2. Ciência Jurídica e Teoria Científica Analítica
A Ciência jurídica, vista sob o critério da teoria científica analítica, passa a ser delimitada pela possibilidade de exame empírico. Avaliando a Ciência Jurídica sob esse prisma, podemos afirmar que ela deveria formar um conjunto de conhecimentos sistematizados adquiridos através da observação, pesquisa, identificação e explicação de determinadas categorias de fenômenos e fatos, e formulados metódica e racionalmente. Caracterizar-se-ia por sua natureza empírica e lógica, baseada em provas, princípios, argumentações ou demonstrações que garantam ou legitimem a sua validade.
A Ciência Jurídica deveria efetuar observação ou investigação minuciosa sobre as leis reguladoras da organização social, além de revelar e ter cognição direta sobre as leis reguladoras da natureza social do homem e do ordenamento jurídico das inúmeras sociedades humanas.

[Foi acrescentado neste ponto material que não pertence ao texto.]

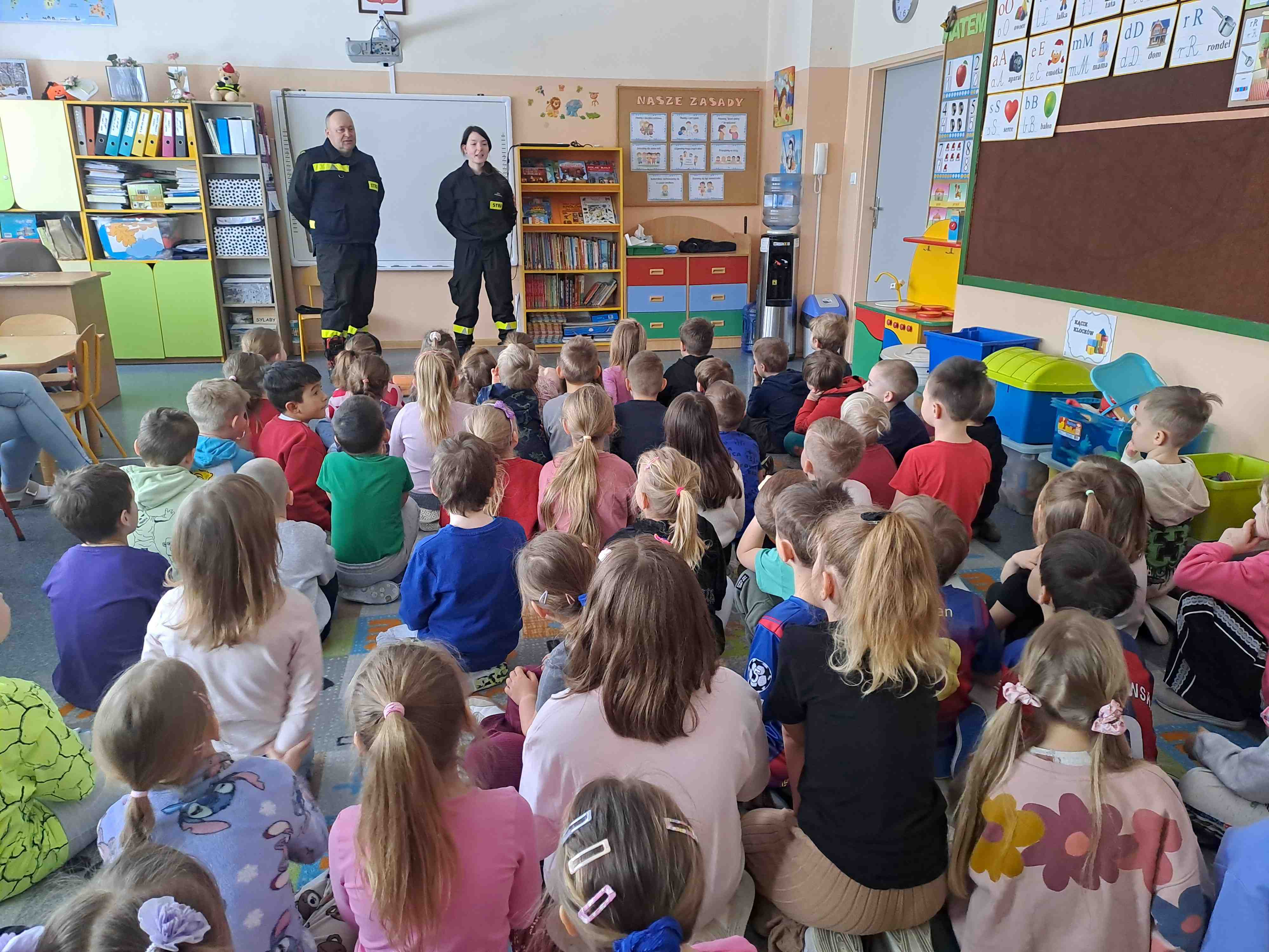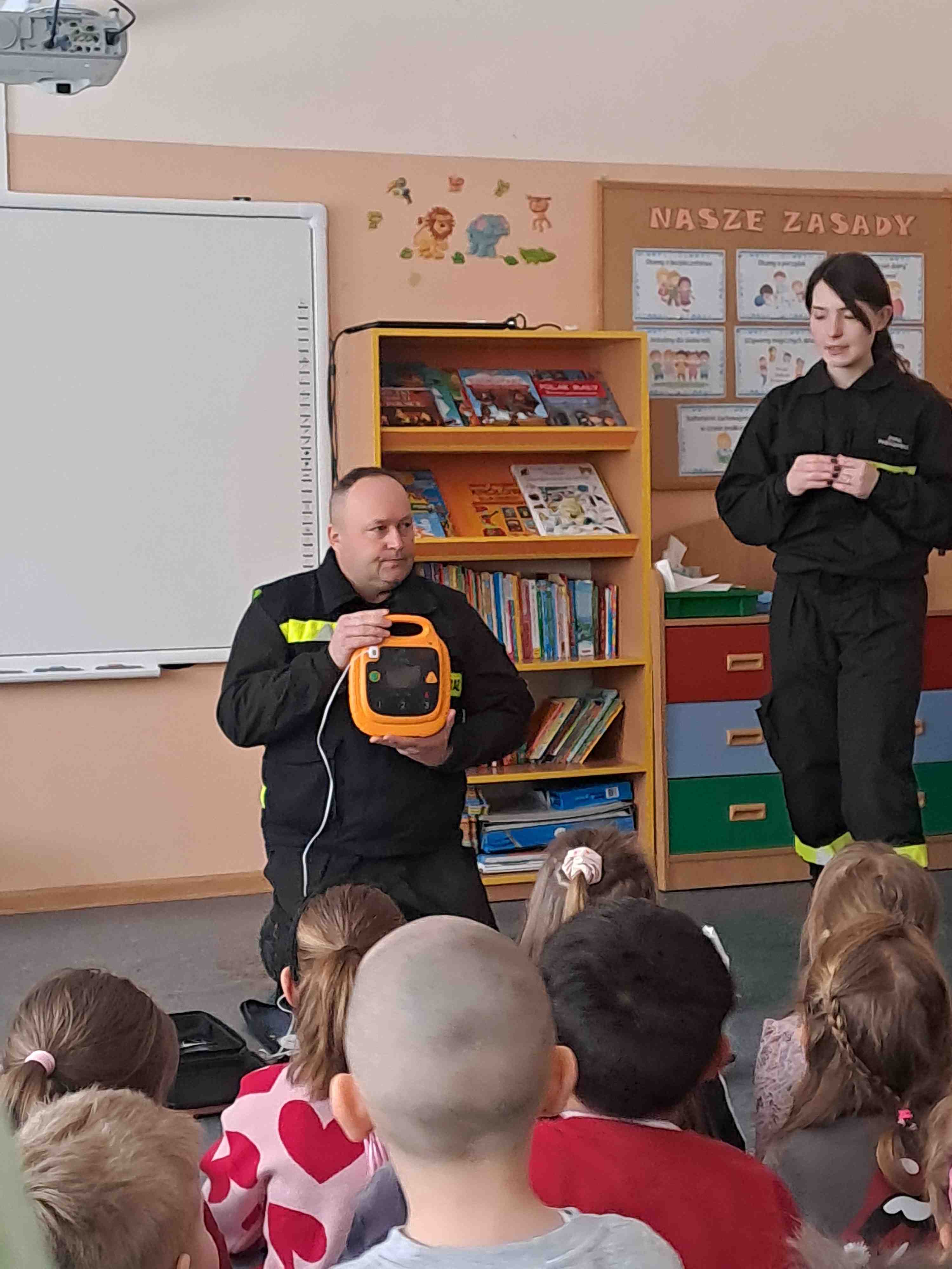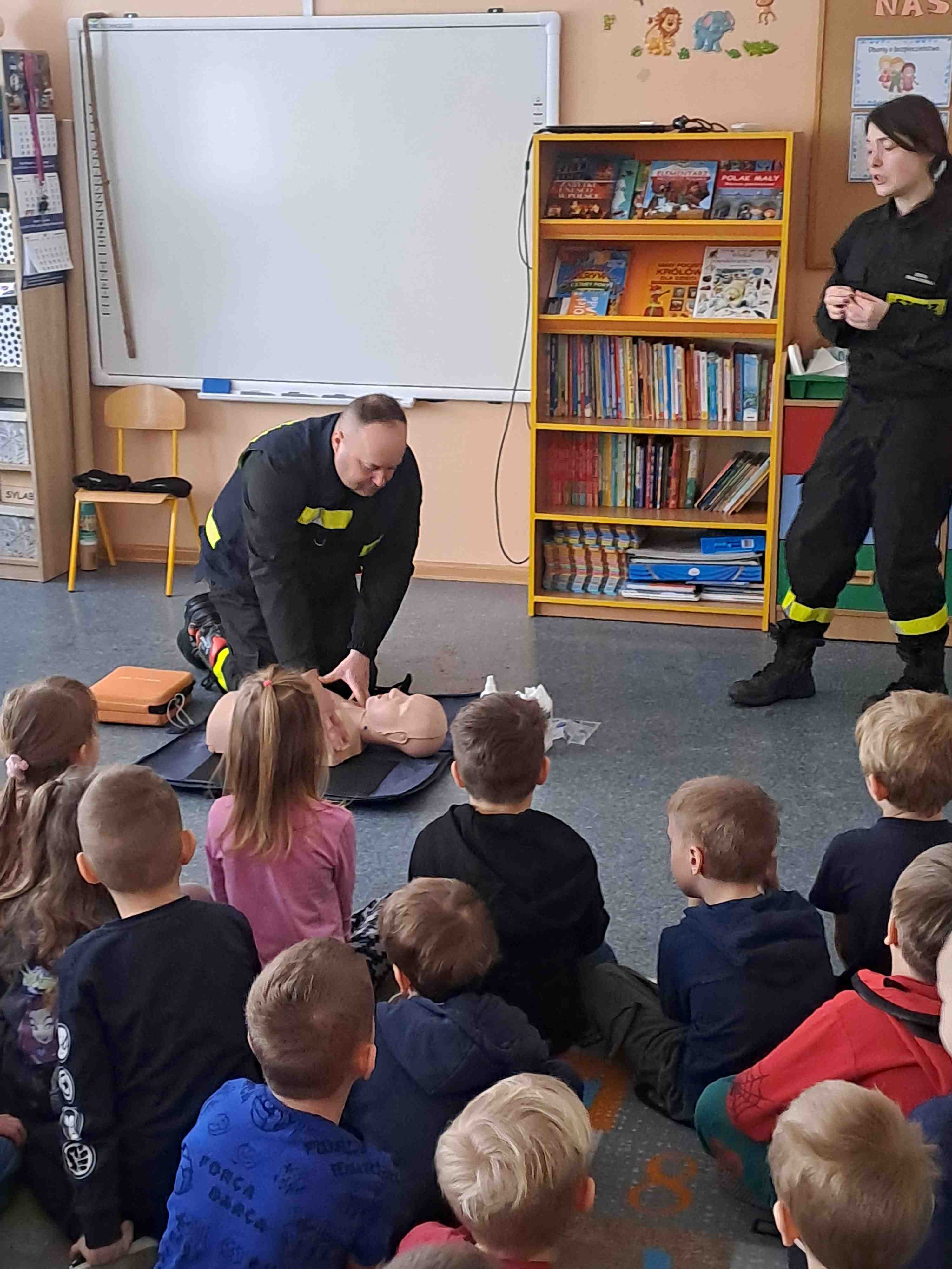 W dniu 17 lutego oddziały najstarsze naszego przedszkola odwiedzili strażacy z Ochotniczej Straży Pożarnej w Wierzbiu, którzy przybliżyli dzieciom zasady udzielania pierwszej pomocy osobom poszkodowanym. Na początku przedszkolaki wysłuchały pogadanki o konieczności zachowania bezpieczeństwa w sytuacjach zagrażających życiu i zdrowiu osób z ich otoczenia. Utrwaliły numery alarmowe oraz sposób informowania służb o zdarzeniu, w którym biorą udział. Następnie strażacy przy pomocy fantoma zaprezentowali dzieciom sposób dokonywania reanimacji osoby poszkodowanej. Chętni mogli w praktyce spróbować powtórzyć omawiane czynności.. Umiejętność udzielania pierwszej pomocy jest niezwykle ważna, gdyż nigdy nie wiemy, jakiej sytuacji możemy być świadkami. Dziękujemy strażakom za tę ważną i potrzebną lekcję.

De acordo com esse ponto de vista, a Ciência Jurídica teria a função de – além de descrever os atos legislativos e judiciais – fazer uma previsão das sentenças judiciais. Contudo, a análise da Ciência Jurídica sob o prisma analítico empírico causaria “mutilações” no Direito, pois o juiz não pode emitir sua decisão antecipadamente fundamentada em critérios empírico-sociológicos, já que a Ciência Jurídica seria, antes de tudo, uma ciência dogmática; não satisfazendo, então, o critério de sentido empírico. Além disso, de acordo com o empirismo lógico, só a lógica e a matemática podem exigir a classificação de ciência.
A cientificidade de uma disciplina, mais exatamente uma ciência da observação, não está no método utilizado por ela para acúmulo de conhecimento, mas sim no seu grau de intersubjetividade. Consequentemente, pergunta-se se há um sistema de controle da evidência da observação no domínio jurídico.
Responde Eike von Savigny essa questão. Ele se baseia na ciência jurídica penal alemã quando diz que ela é um sistema normativo que pode ser falsificado por juízos de valor. Por juízos de valor, entendem-se as concepções ético-morais de cada um, e como cada um faz uso das doutrinas deontológicas.
A Ciência Jurídica, segundo os estudos de Savigny, mostra-se descuidada em relação aos desenvolvimentos das teorias científicas em geral. Ainda é matéria de estudos e pesquisas até onde vai a semelhança entre as ciências empíricas e a Ciência Jurídica, levando-se em consideração o fato de que o Direito, além de admitir argumentos que exprimem valores, também admite argumentos históricos, lógicos, sistemáticos etc.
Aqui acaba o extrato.